Instinctively, she drew away from them.
She was glad to get back, to put wood in the stove and feel her own hair, soft and light, as she ran her hand through it for reassurance.
It was that very evening that her father came in with a wonderful coat, made by one of the Mordvinian women from a bear he had killed for her himself. He had kept the
incident a secret from her. Now he handed it to her with a smile.
‘You killed a bear? For me?’ She was half delighted, yet half terrified. ‘You might have been killed.’
He laughed. ‘It will keep you warm up here in the north.’
She kissed him. He smiled, but said nothing more.
Three days later the snows came. It was very cold; though one was perfectly warm inside. Yet once winter had sealed the little village she could not escape the sad fact: it was boring.
She had no friends. The village, it seemed to her, was quiet as a tomb. They did not mix much with their neighbours and, though they were only yards apart, days might pass without her speaking to another soul. There was not even a church to draw them together.
To pass the time, she began to make a large embroidered cloth. It had a white background, and on to this she sewed, in bright red, the striking, geometric birds that the village woman had taught her when she was a child.

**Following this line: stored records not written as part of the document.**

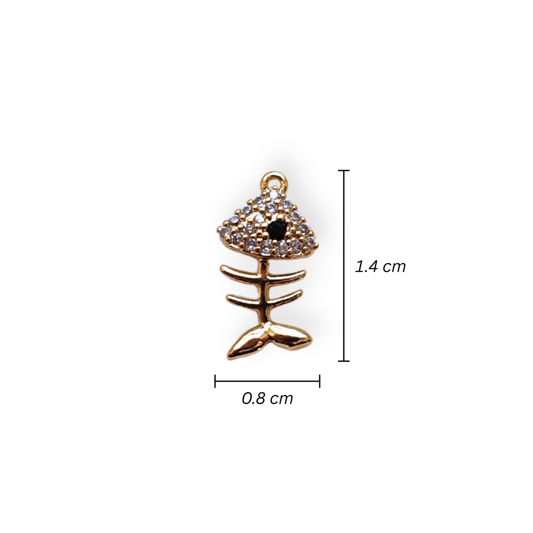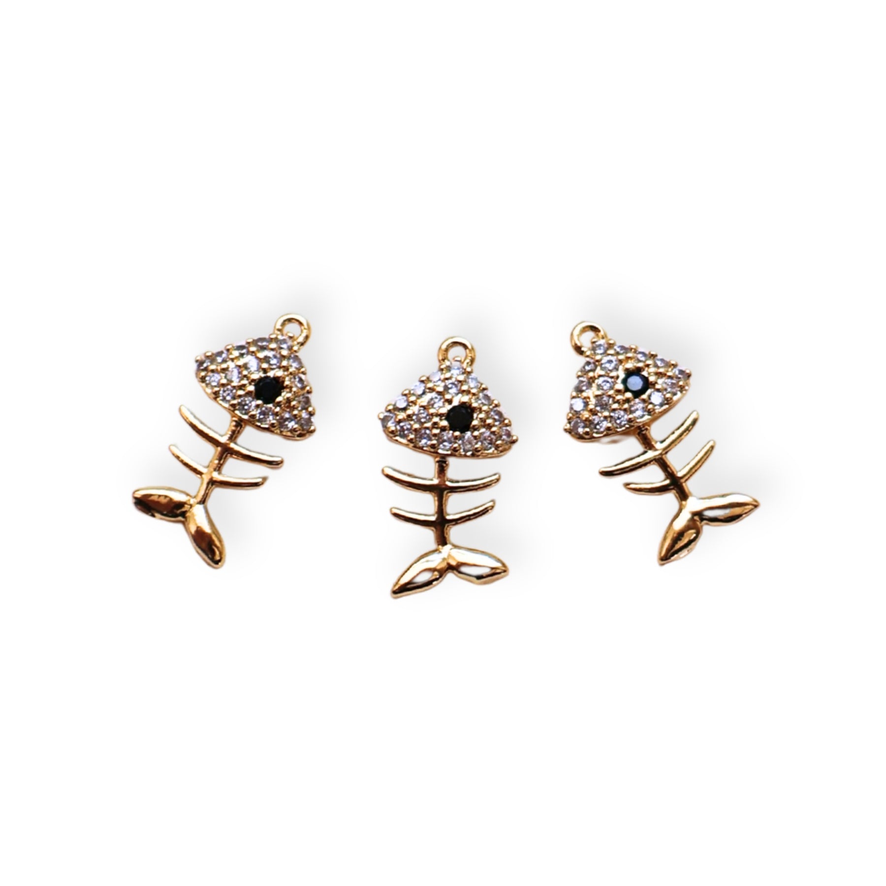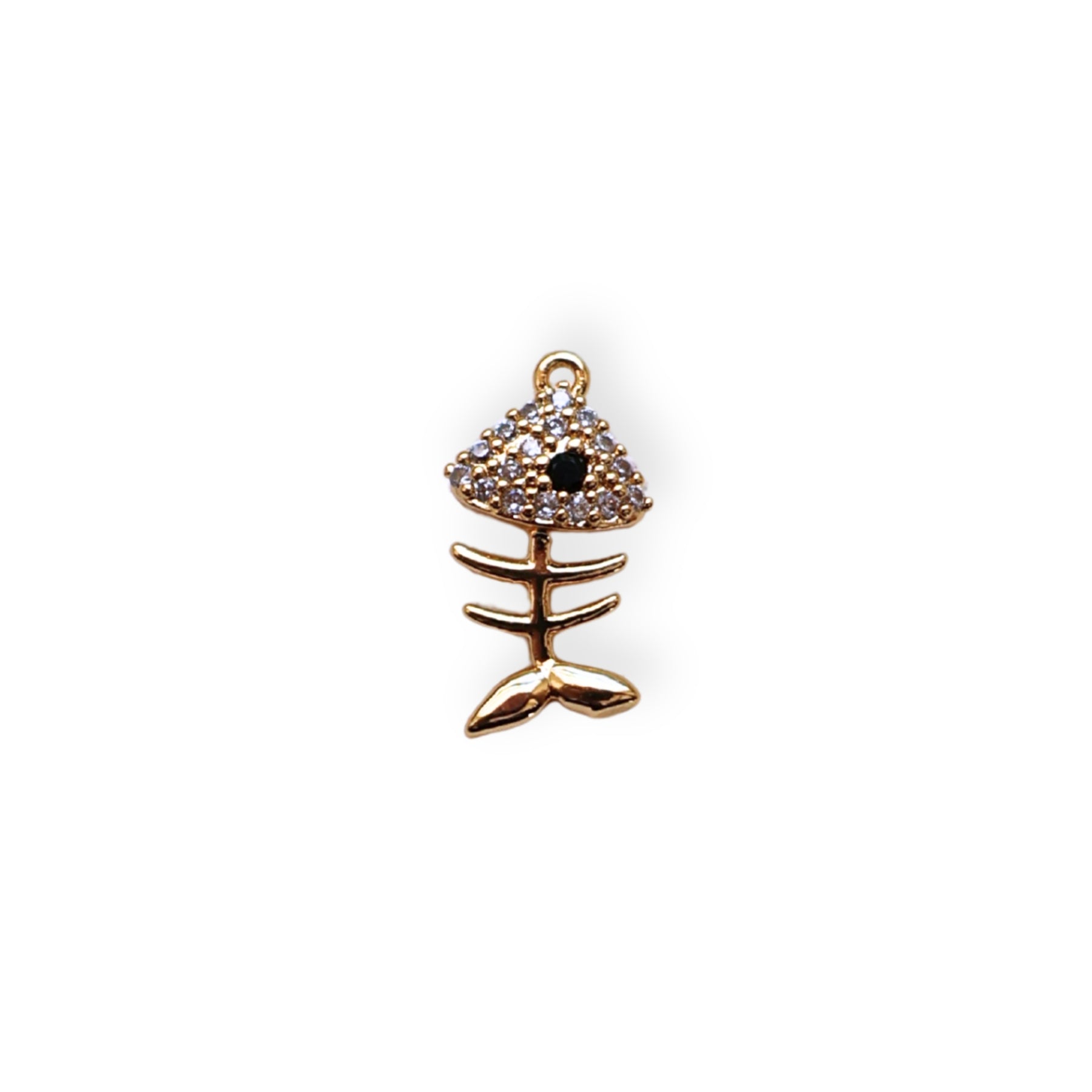 Dije en forma de pez de chapa de oro con zirconias brillantes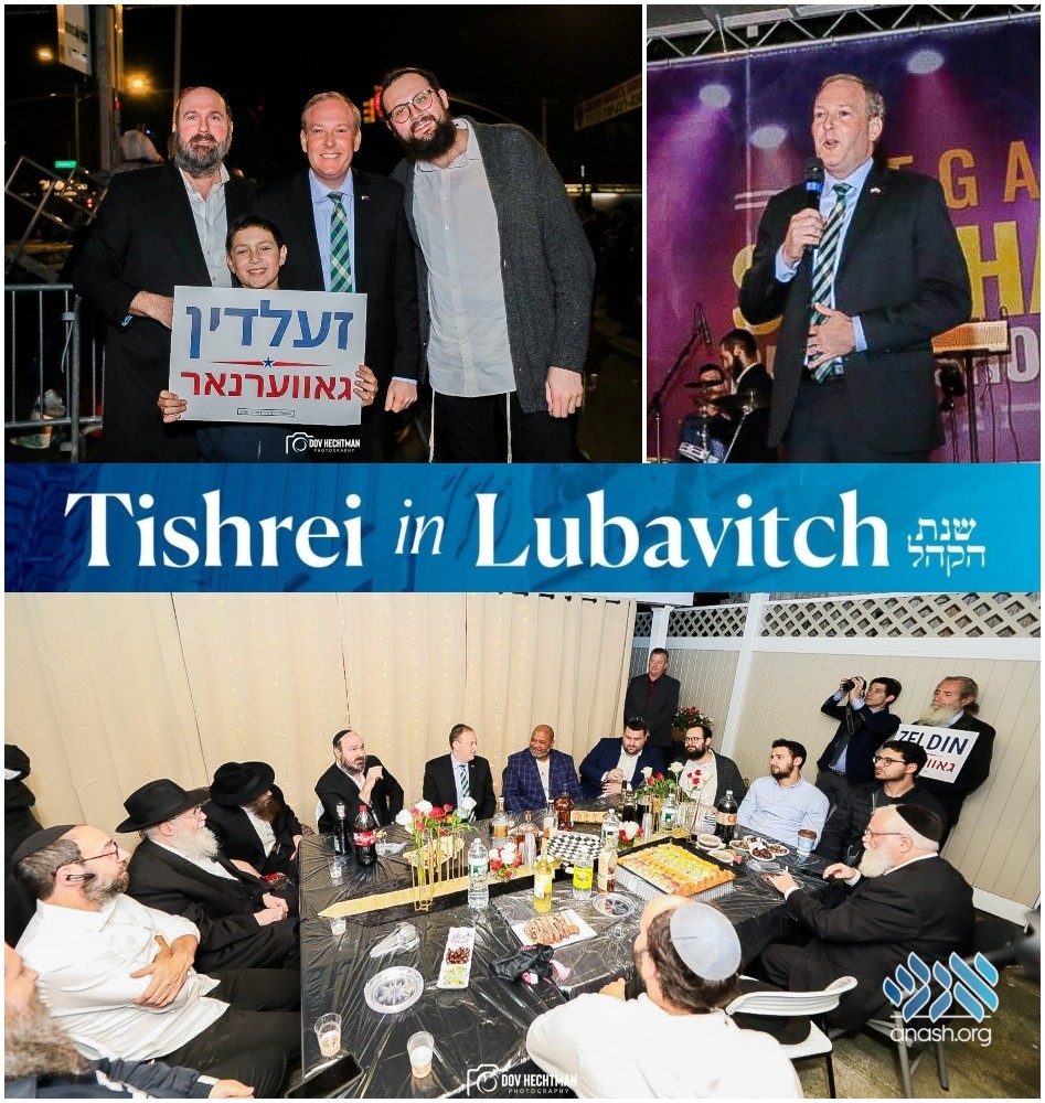 Congressman Lee Zeldin, the Republican candidate for Governor of New York, visited Crown Heights on Tuesday night and joined the Sukkos festivities.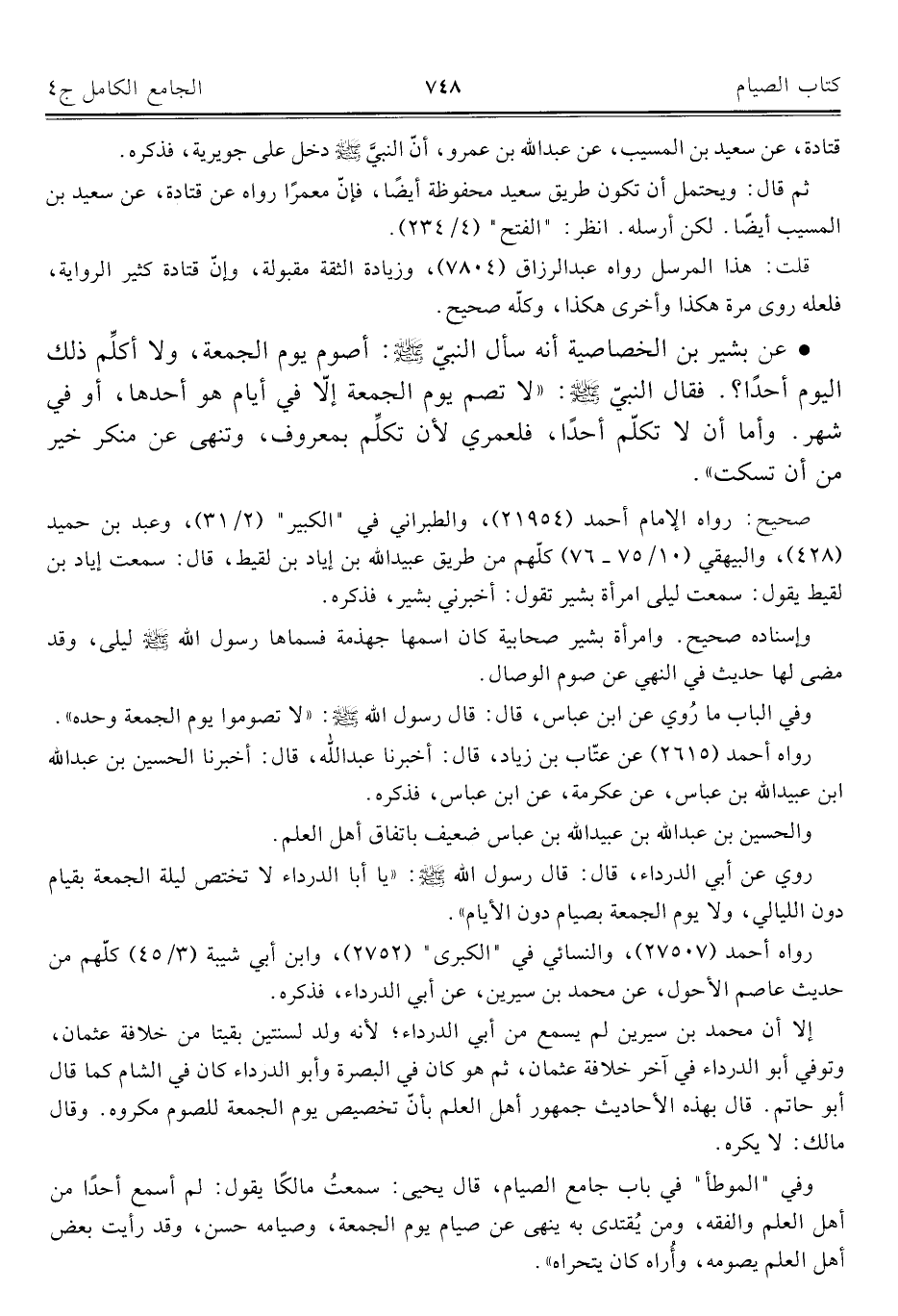 إلا أن محمد بن سيرين لم يسمع من أبي الدرداء؛ لأنه ولد لسنتين بقينا من خلافة عثمان، وتوفي أبو الدرداء في آخر خلافة عثمان، ثم هو كان في البصرة وأبو الدرداء كان في الشام كما قال أبو حاتم. قال بهذه الأحاديث جمهور أهل العلم بأن تخصيص يوم الجمعة للصوم مكروه. وقال مالك: لا يكره.
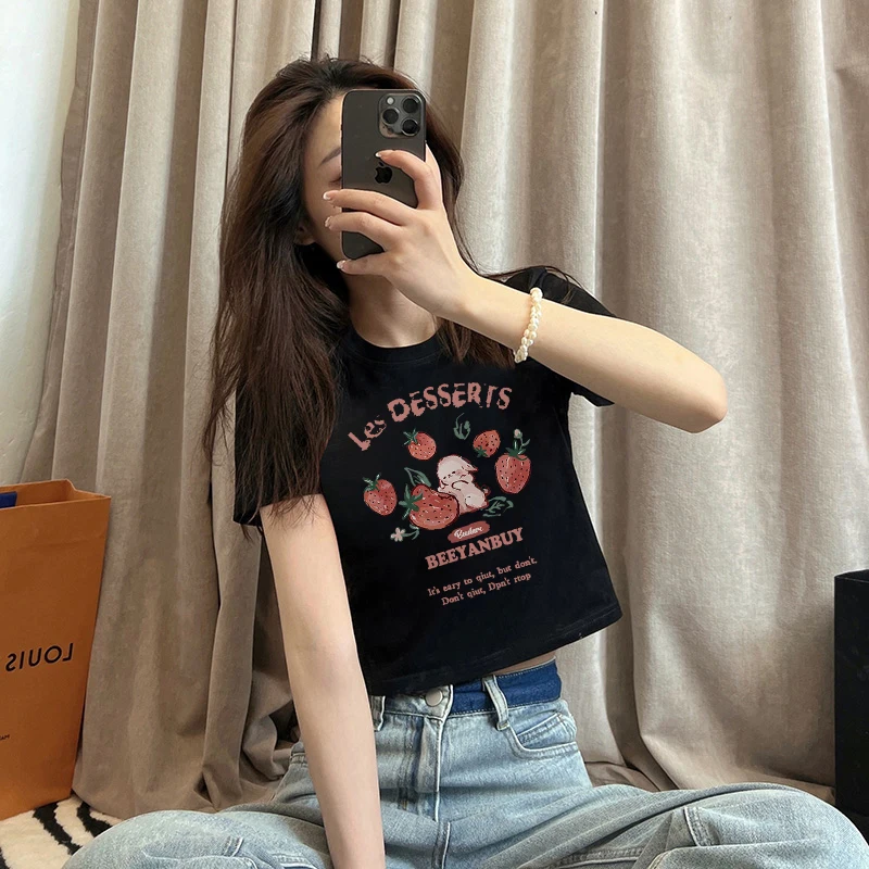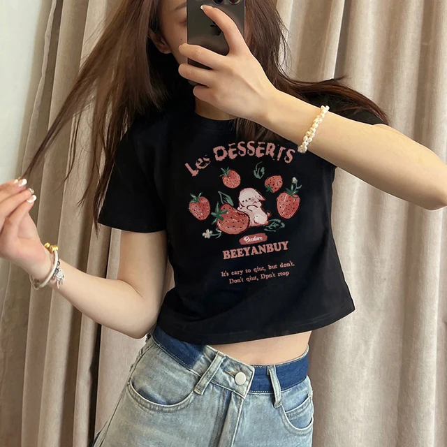 The short length of this T-shirt adds a trendy touch to your summer wardrobe, making it a standout piece.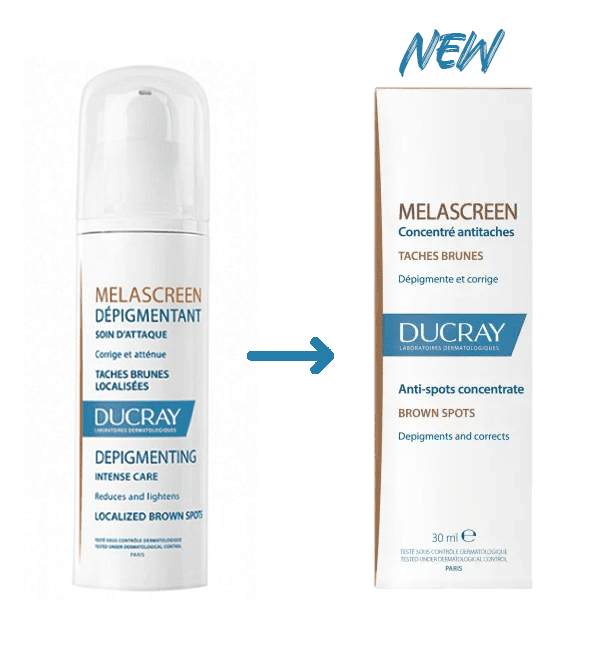 A la pointe de l’innovation, le concentré antitaches MELASCREEN est la 1ère solution dermatologique spécialement développée pour dépigmenter efficacement tous les types de taches brunes installées* grâce à une très haute concentration en actifs dermatologiques dépigmentants (15%). Ils agissent directement à 3 différents niveaux sur les 3 facteurs responsables de leur formation :

So, in this remote northern hamlet, appeared a design drawn directly from ancient, oriental patterns familiar to the Iranian horsemen from the steppe a thousand years ago.
November passed. The cloth progressed, and the girl and her father lived alone.
The change in her life came in the first half of December. It took place rather suddenly.
Her father had been very kind to her of late. He knew that she was sometimes afraid of him if he drank too much, and so he had hardly touched any mead since autumn. In the last two days he had been especially warm with her, often giving her friendly hugs and a gentle kiss.
One evening, however, he did drink mead. She saw the faint flush around his neck; she looked at him a little nervously, but decided that he had not drunk enough to make him depressed. Indeed, she felt a little surge of happiness to see the smile of well-being on his face. She noticed his hands, resting on the table. For some reason she noticed the thick fair hairs on the back of them and this, too, filled her with a feeling of affection.